# What the exercise asks
Print the records below from the first line through the line containing "變化的電場和磁場在空間的傳播", both included, word for word.

# Information given
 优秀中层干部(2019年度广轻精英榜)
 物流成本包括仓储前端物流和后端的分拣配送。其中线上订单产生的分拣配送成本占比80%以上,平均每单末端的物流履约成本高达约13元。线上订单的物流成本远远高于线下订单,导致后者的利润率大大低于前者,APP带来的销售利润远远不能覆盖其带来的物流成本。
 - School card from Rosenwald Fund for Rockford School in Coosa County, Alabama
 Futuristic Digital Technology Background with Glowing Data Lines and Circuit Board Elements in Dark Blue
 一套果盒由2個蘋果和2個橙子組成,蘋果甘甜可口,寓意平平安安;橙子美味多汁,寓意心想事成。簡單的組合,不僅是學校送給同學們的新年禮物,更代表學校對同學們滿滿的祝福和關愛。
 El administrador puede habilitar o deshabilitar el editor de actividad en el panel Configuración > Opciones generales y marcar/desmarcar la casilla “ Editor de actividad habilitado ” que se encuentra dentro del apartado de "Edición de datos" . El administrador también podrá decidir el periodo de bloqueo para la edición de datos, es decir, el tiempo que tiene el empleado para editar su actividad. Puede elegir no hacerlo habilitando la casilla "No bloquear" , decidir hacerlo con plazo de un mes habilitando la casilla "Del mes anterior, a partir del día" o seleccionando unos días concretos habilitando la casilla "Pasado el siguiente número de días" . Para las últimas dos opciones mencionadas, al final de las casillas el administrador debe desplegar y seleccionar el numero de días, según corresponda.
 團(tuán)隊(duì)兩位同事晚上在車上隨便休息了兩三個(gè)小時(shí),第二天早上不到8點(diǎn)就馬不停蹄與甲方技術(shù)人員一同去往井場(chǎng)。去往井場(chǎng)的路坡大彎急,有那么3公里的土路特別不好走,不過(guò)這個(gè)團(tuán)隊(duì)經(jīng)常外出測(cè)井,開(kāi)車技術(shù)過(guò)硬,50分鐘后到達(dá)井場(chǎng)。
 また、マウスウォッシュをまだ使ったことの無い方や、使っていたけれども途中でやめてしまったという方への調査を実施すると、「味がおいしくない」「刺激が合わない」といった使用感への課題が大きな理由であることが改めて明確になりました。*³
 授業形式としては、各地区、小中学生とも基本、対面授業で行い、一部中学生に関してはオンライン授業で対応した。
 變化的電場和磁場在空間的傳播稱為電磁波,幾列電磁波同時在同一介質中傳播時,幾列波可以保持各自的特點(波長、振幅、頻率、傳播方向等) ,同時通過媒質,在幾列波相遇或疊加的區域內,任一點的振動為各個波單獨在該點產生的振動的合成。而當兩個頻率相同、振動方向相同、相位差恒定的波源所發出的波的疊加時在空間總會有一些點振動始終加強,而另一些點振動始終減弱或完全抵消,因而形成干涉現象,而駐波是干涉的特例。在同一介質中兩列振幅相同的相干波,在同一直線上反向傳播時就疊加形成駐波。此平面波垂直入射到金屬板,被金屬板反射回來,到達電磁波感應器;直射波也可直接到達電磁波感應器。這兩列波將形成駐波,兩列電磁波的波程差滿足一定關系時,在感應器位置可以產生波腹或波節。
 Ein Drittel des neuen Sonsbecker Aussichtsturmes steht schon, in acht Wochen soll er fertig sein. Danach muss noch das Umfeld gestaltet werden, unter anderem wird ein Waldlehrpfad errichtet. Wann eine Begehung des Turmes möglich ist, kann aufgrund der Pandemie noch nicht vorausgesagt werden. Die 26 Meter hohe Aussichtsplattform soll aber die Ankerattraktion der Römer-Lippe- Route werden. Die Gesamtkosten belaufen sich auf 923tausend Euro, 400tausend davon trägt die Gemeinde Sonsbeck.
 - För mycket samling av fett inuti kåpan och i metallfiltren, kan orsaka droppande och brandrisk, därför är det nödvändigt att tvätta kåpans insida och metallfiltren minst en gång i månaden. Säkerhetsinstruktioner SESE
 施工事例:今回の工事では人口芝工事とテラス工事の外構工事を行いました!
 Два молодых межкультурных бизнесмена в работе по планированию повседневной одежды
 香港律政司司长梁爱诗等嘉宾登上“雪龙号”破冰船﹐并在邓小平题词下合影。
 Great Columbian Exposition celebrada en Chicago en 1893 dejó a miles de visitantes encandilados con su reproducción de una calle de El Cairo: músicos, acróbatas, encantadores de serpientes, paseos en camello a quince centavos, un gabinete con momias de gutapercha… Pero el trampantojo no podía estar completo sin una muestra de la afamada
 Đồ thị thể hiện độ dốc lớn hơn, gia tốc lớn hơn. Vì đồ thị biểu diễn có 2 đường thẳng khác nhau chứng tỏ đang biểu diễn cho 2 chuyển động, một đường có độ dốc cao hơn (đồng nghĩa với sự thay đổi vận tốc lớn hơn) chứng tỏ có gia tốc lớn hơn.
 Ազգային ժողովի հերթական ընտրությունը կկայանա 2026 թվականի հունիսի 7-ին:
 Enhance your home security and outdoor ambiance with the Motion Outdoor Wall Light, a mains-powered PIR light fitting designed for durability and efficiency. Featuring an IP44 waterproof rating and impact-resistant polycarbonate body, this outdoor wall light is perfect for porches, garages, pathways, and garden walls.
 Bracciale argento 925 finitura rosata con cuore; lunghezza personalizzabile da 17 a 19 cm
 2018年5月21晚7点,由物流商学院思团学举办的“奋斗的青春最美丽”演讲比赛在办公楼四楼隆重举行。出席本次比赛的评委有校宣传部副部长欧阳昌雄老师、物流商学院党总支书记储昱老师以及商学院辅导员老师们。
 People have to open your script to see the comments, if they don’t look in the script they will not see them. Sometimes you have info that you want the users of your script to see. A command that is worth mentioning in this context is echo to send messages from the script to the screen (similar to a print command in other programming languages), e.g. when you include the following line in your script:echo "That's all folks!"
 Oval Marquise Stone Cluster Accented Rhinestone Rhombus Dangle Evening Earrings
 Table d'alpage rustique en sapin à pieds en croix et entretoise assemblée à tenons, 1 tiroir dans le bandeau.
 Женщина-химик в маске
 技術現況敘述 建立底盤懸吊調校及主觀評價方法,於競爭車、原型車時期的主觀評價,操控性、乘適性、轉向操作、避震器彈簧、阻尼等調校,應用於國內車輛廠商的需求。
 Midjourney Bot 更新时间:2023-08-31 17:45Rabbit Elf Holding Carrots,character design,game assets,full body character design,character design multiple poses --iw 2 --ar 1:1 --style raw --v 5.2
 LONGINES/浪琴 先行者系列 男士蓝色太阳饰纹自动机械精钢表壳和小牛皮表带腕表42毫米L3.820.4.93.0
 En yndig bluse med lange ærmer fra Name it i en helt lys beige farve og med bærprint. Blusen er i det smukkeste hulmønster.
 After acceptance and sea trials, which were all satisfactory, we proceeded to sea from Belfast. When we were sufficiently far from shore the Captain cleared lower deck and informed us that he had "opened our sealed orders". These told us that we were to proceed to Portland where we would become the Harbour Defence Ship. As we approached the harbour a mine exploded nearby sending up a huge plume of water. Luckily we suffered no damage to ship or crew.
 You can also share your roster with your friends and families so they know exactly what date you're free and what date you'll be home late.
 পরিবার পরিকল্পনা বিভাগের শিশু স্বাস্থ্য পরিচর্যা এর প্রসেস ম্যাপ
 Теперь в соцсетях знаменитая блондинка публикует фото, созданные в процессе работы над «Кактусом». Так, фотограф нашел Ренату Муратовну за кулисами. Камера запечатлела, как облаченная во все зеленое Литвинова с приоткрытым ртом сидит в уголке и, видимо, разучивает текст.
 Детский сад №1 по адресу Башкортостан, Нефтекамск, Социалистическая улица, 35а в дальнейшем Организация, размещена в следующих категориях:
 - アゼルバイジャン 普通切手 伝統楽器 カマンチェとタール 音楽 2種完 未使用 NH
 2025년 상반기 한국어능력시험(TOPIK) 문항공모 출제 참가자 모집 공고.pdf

# Response
 优秀中层干部(2019年度广轻精英榜)
 物流成本包括仓储前端物流和后端的分拣配送。其中线上订单产生的分拣配送成本占比80%以上,平均每单末端的物流履约成本高达约13元。线上订单的物流成本远远高于线下订单,导致后者的利润率大大低于前者,APP带来的销售利润远远不能覆盖其带来的物流成本。
 - School card from Rosenwald Fund for Rockford School in Coosa County, Alabama
 Futuristic Digital Technology Background with Glowing Data Lines and Circuit Board Elements in Dark Blue
 一套果盒由2個蘋果和2個橙子組成,蘋果甘甜可口,寓意平平安安;橙子美味多汁,寓意心想事成。簡單的組合,不僅是學校送給同學們的新年禮物,更代表學校對同學們滿滿的祝福和關愛。
 El administrador puede habilitar o deshabilitar el editor de actividad en el panel Configuración > Opciones generales y marcar/desmarcar la casilla “ Editor de actividad habilitado ” que se encuentra dentro del apartado de "Edición de datos" . El administrador también podrá decidir el periodo de bloqueo para la edición de datos, es decir, el tiempo que tiene el empleado para editar su actividad. Puede elegir no hacerlo habilitando la casilla "No bloquear" , decidir hacerlo con plazo de un mes habilitando la casilla "Del mes anterior, a partir del día" o seleccionando unos días concretos habilitando la casilla "Pasado el siguiente número de días" . Para las últimas dos opciones mencionadas, al final de las casillas el administrador debe desplegar y seleccionar el numero de días, según corresponda.
 團(tuán)隊(duì)兩位同事晚上在車上隨便休息了兩三個(gè)小時(shí),第二天早上不到8點(diǎn)就馬不停蹄與甲方技術(shù)人員一同去往井場(chǎng)。去往井場(chǎng)的路坡大彎急,有那么3公里的土路特別不好走,不過(guò)這個(gè)團(tuán)隊(duì)經(jīng)常外出測(cè)井,開(kāi)車技術(shù)過(guò)硬,50分鐘后到達(dá)井場(chǎng)。
 また、マウスウォッシュをまだ使ったことの無い方や、使っていたけれども途中でやめてしまったという方への調査を実施すると、「味がおいしくない」「刺激が合わない」といった使用感への課題が大きな理由であることが改めて明確になりました。*³
 授業形式としては、各地区、小中学生とも基本、対面授業で行い、一部中学生に関してはオンライン授業で対応した。
 變化的電場和磁場在空間的傳播稱為電磁波,幾列電磁波同時在同一介質中傳播時,幾列波可以保持各自的特點(波長、振幅、頻率、傳播方向等) ,同時通過媒質,在幾列波相遇或疊加的區域內,任一點的振動為各個波單獨在該點產生的振動的合成。而當兩個頻率相同、振動方向相同、相位差恒定的波源所發出的波的疊加時在空間總會有一些點振動始終加強,而另一些點振動始終減弱或完全抵消,因而形成干涉現象,而駐波是干涉的特例。在同一介質中兩列振幅相同的相干波,在同一直線上反向傳播時就疊加形成駐波。此平面波垂直入射到金屬板,被金屬板反射回來,到達電磁波感應器;直射波也可直接到達電磁波感應器。這兩列波將形成駐波,兩列電磁波的波程差滿足一定關系時,在感應器位置可以產生波腹或波節。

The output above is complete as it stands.